# Cleaning interior?



## ELVIS (Oct 7, 2012)

Suggestions for best products(s) to do dash top and platic parts of doors/next to rear seats etc etc.

Want to get any grime out and give it a really good clean. Soap and soft brush followed by a cleaner/polish?

All i know is dont use silicon as its slippy and dont lick any bare wires. thats it really


----------



## YELLOW_TT (Feb 25, 2004)

I use MrShean for all my inside plastics


----------



## L0z (Sep 8, 2011)

Auto Glym products.


----------



## ELVIS (Oct 7, 2012)

L0z said:


> Auto Glym products.


Had a look in gsf today. there are lots to choose from. my head hurt. i went to buy a burger from the greasy spoon caravan to recover. any particular one?

cheers chap


----------



## L0z (Sep 8, 2011)

Leather cleaner, leather balm, also you can get the interior plastic and vinyl spray.

All great products.


----------



## WozzaTT (Jan 15, 2006)

Babywipes was all I ever used on the dash and plastics etc in my MK1 - kept it immaculate.

Save yourself a few quid.


----------



## Kanikuman (May 13, 2010)

I use Aerospace 303 Protectant spray on both the exterior and interior plastics.
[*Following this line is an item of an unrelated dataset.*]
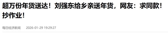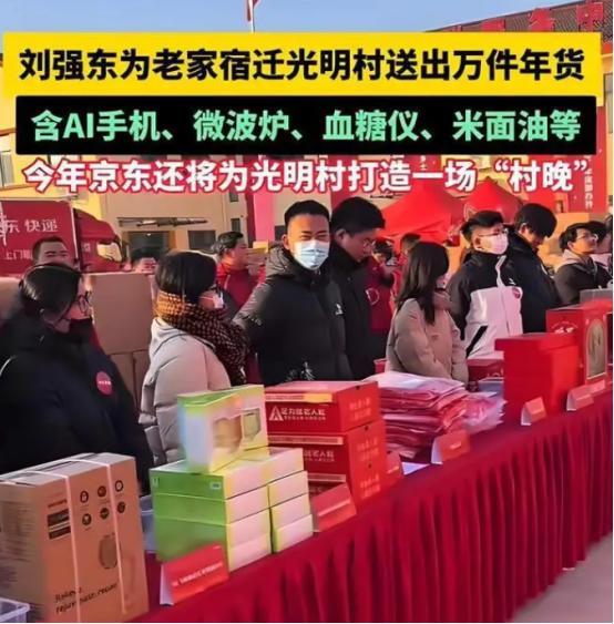 从未忘本!2026年1月29日,超万份年货送达!刘强东十几年如一日,过年必给老家乡亲送年货! 1992年的时候,刘强东以江苏省宿迁市状元的身份考入了中国人民大学社会学专业。但是那个时候刘强东的家境非常贫寒,于是村民们自发为他筹集了500元以及76个鸡蛋。 刘强东带着村民们的这些爱心,前往了北京求学。之后一路创业,取得了现如今的成就。这一路走来,刘强东从未忘记,正是村民的那份支持,才能有了现如今的他。 所以有了能力之后,他便开始回馈乡里乡亲。从2015年开始,连续12年的时间,每年过年的时候,他都会为村民们送去年货。 就在2026年1月29日的时候,又有超万份的年货,抵达了江苏宿迁光明村。今年的年货非常丰富,不仅有米面,粮油等一些基础的生活物资,还有能够识别方言的AI手机,能够语音控制的电热毯等。 刘强东把自己对乡亲们的感恩,汇入了一份又一份的年货礼品中。刘强东的成功令人为之羡慕,而刘强东十几年如1日,过年必给老家乡亲送年货的行为,更是令人为之动容。 从刘强东的身上,看到了真正的衣锦还乡。而除了给村民们发年货礼品之外,刘强东还会给村里的老人发现金红包。作为亿万富翁的刘强东,除了给村里人每年送年货之外,他还会每年抽出一天的时间,亲自去为客户送货。 出生平凡的他,深知底层老百姓生活的不易。所以他也一直在自己的能力范围内,去让更多的人把日子过好。 对此,您怎么看?欢迎评论区留言您的看法,我们一起讨论一下。 (信息来源:超万份年货送达!刘强东给乡亲送年货,网友:求同款!抄作业!-每日经济新闻)

It leaves a nice matt finish when buffed and helps prevent UV fading. You can purchase it from most car care websites (not Halfrauds).


----------



## Templar (Mar 9, 2012)

Kanikuman said:


> I use Aerospace 303 Protectant spray on both the exterior and interior plastics. It leaves a nice matt finish when buffed and helps prevent UV fading. You can purchase it from most car care websites (not Halfrauds).


+1, a great alround product for plastics inside and out.
+1 for Johnsons babywipes (not ya cheap ones) on the leather in between your yearly clean and conditioning.


----------



## JorgeTTCQ (May 7, 2002)

Einszett Cockpit Premium 

Cheers


----------